## ASSIGNED TASK
Every picture should be left out, but the lines below must be repeated exactly.

(Beginning of STORED DATA)

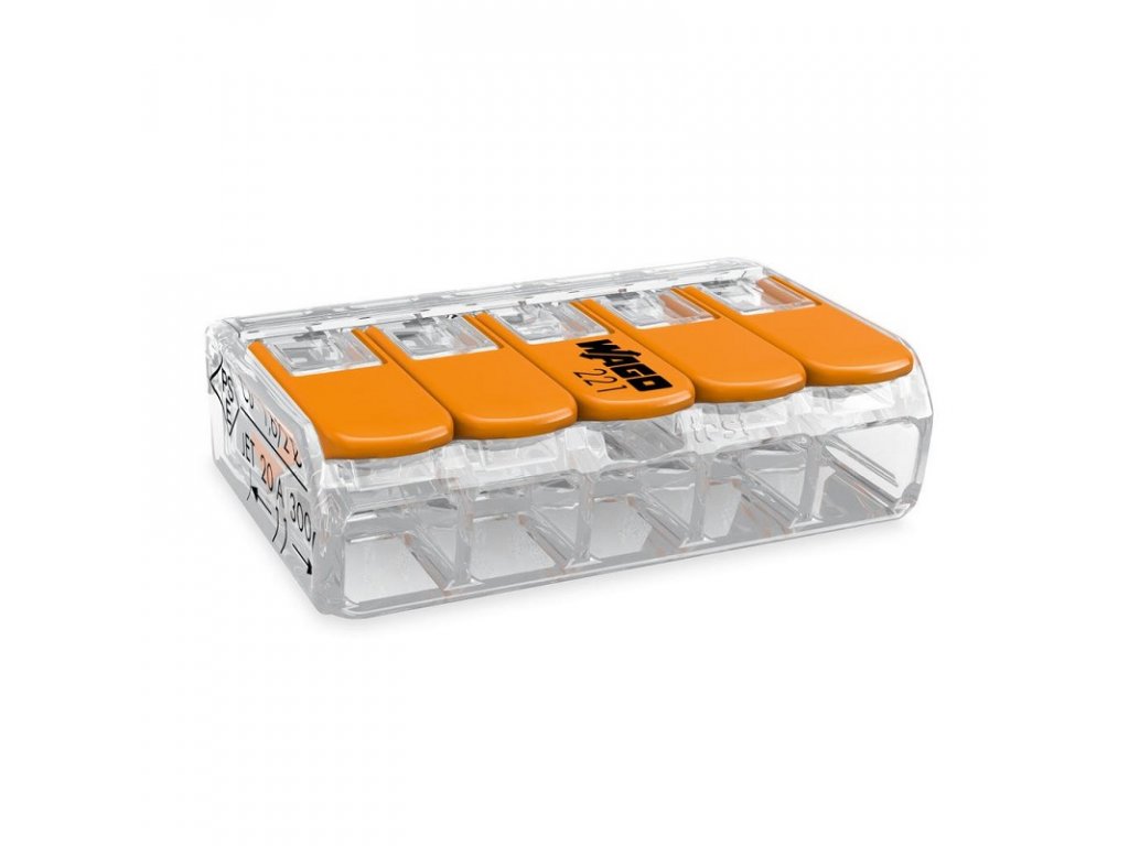 Svorka krabicová bezšroubová (wago) 5 x 4 s páčkou na licnu
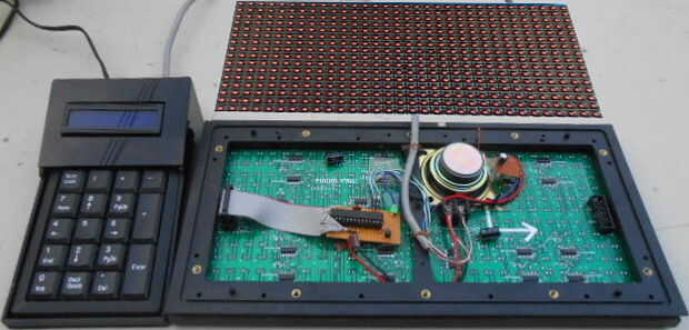 Este proyecto utiliza dos Arduino, Arduino primeros funcionó como un remitente que incluía un teclado PS2 y un mini LCD de entrada de número. Mientras que el otro Arduino es funcionó como un receptor que activan un sonido "ding-dong" y mostrar el número en el panel de LED de 32 x 16.
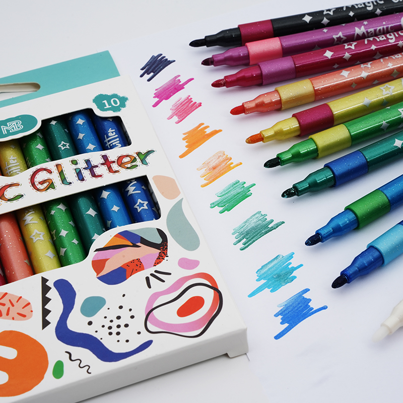 Libera tu creatividad con el marcador de color Color Change Smooth Clear Glitter, una herramienta única diseñada para mejorar tus proyectos artísticos. Ya sea que sea un entusiasta del arte, un estudiante o un diseñador profesional, estos marcadores brindan una forma emocionante de mejorar sus dibujos, caligrafía o manualidades de bricolaje. La aplicación suave, los tonos vibrantes y la tinta con purpurina garantizan que cada trazo deje un efecto brillante.

(End of STORED DATA)

## RESPONSE
 Svorka krabicová bezšroubová (wago) 5 x 4 s páčkou na licnu
 Este proyecto utiliza dos Arduino, Arduino primeros funcionó como un remitente que incluía un teclado PS2 y un mini LCD de entrada de número. Mientras que el otro Arduino es funcionó como un receptor que activan un sonido "ding-dong" y mostrar el número en el panel de LED de 32 x 16.
 Libera tu creatividad con el marcador de color Color Change Smooth Clear Glitter, una herramienta única diseñada para mejorar tus proyectos artísticos. Ya sea que sea un entusiasta del arte, un estudiante o un diseñador profesional, estos marcadores brindan una forma emocionante de mejorar sus dibujos, caligrafía o manualidades de bricolaje. La aplicación suave, los tonos vibrantes y la tinta con purpurina garantizan que cada trazo deje un efecto brillante.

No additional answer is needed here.